Wheelchair project rolls out hope on Cape Flats

14 July 2003

Mobility aid: Key partners in the Western Cape Physically Disabled Project include (from left) UCT's Merle Futter (physiotherapy), Marius Fransman (local MEC for Social Services), Andries de Jongh (AllPay Western Cape's general manager), Israel Skosana (ABSA), Vincent Carelse (Lotus River Community Forum), helping Jean Heuwel into a wheelchair, and her daughter, Doris Heuvel.

During her first week of research in Lotus River a community leader introduced PhD student and senior physiotherapy lecturer Merle Futter to the rival gang leaders. Members of the Lotus River Community Forum considered this meeting essential for safety reasons as she needed to drive a Kombi loaded with wheelchairs and assistive devices in the area to reach the homes of the physically disabled. Four months later two were dead and three were critically injured in a gang fight.
But despite the pervasive sense of violence that hangs like a pall over similar Cape Flats communities, many UCT academics like Futter are notching up startling successes in their community-based projects. Her PhD research is specifically about social barriers that exclude people with physical disabilities from leading a full life in the community.

Working in these conditions is not new to Futter. She completed her masters degree in Manenburg and has worked so intensively in Lotus River over the past ten months that she has become an accepted part of the community.

Futter's aim, which was born from the foundation of her PhD research, was to get wheelchairs to as many disabled people in this under-resourced community as she could, teach people how to master these and ensure that access was provided to homes in the form of concrete ramps.

Her quest began in October last year after she saw the plight of disabled people at the Lotus River Day Hospital.

"I became aware of the magnitude of the problem of mobility and transport and what a detrimental affect it had on the quality of their lives. Some had not been able to leave their homes for 12 years," she commented.

Others, who required medical attention for diabetes or hypertension, were unable to attend the clinic. Some who had been issued with walking aids from clinics and hospitals could not use these as their houses were too small.

Her efforts culminated in the recent launch of the Western Cape Physical Disability Project (WCPDP), a collaboration between UCT's physiotherapy division, the Department of Social Services and Poverty Alleviation and AllPay Western Cape (the company that pays out social grants). Generous donations for funding the initial operational costs were also received from the Ackerman Family Educational Trust and the Constantia Rotary Club.

To date 71 wheelchairs have been issued in Lotus River. Crutches, walking sticks and frames, bath boards, grab bars and other functional aids have been given to a further 56 disabled people. But it was not a case of simply supplying equipment. Futter visited the homes of each of the community's 88 disabled people receiving permanent disability grants to assess their mobility and functional needs. Some lived in third and fourth floor flats, others in areas too sandy to propel wheelchairs.

Concrete pathways have thus been built from the front and back doors of 28 homes. Ramps have also been built to provide access to the homes and from the pavements to the roads.

The project has seen previously house-bound people take to the streets again in sturdy wheelchairs, built to traverse the rough terrain of sand and rubble that make up many of the community's frequented routes. They haven't just become mobile; they've become visible participants in their communities, able to attend church, shops and clinics.

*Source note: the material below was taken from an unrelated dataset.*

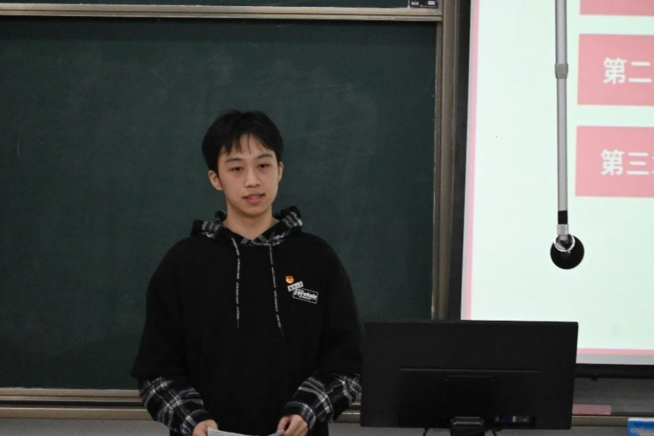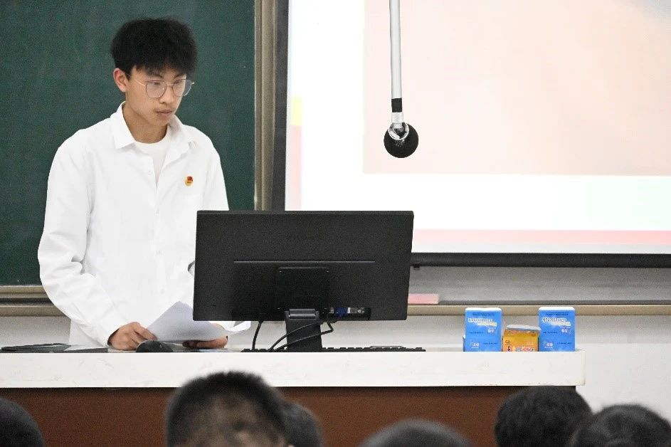 在主持人介绍活动背景和比赛规则后,一号选手张小柯从四个方面展开团课讲解,明确了共青团员们应在政治思想上同党中央保持高度一致,呼吁电气青年们踔厉奋发,笃行不怠,一同建设未来风华。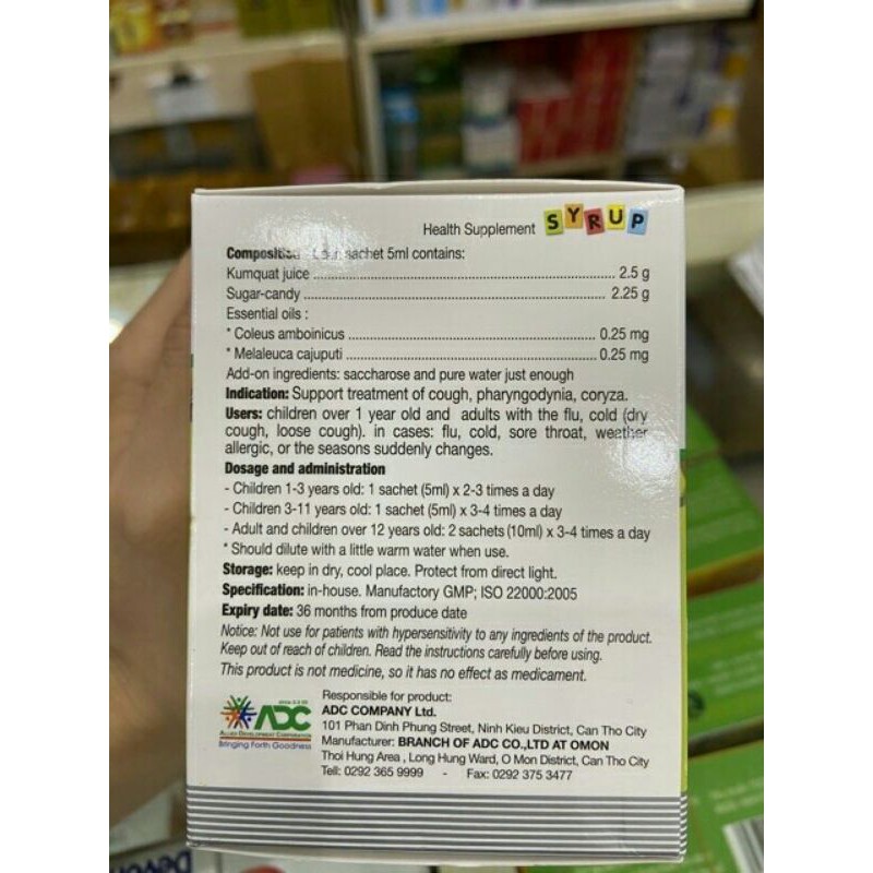 🍀 Thành phần: Mỗi gói 5 ml chứa: Dịch ép quả tắc (quất): 2,5 g Đường phèn: 2,25 g Tinh dầu tần dày lá (húng chanh): 0,25 mg Tinh dầu tràm: 0,25 mg

The project has already been extended to other under-resourced communities in the Western Cape. Wheelchairs have been provided to another 75 disabled people from areas as far afield as Khayelitsha, Ocean View, Wellington, Hopefield, Caledon, Malmesbury, Picketberg, Clanwilliam and Hawston. A further 100 requests are being processed from other peri-urban and rural areas in the province.

"As the project has grown too large for one person to assess all the disable people, physiotherapists, occupational therapists and orthopaedic sisters working at the clinics and hospitals have been invited to refer the mobility needs of those with whom they have contact," Futter added.

But the circle of benefit has widened even further. The company that manufactures the wheelchairs employs disabled people from the community to assemble these, providing employment where few opportunities exist. The concrete pathways and ramps have been constructed by builders living in the community as a means of employment.

"It's a partnership on many levels," Futter concluded.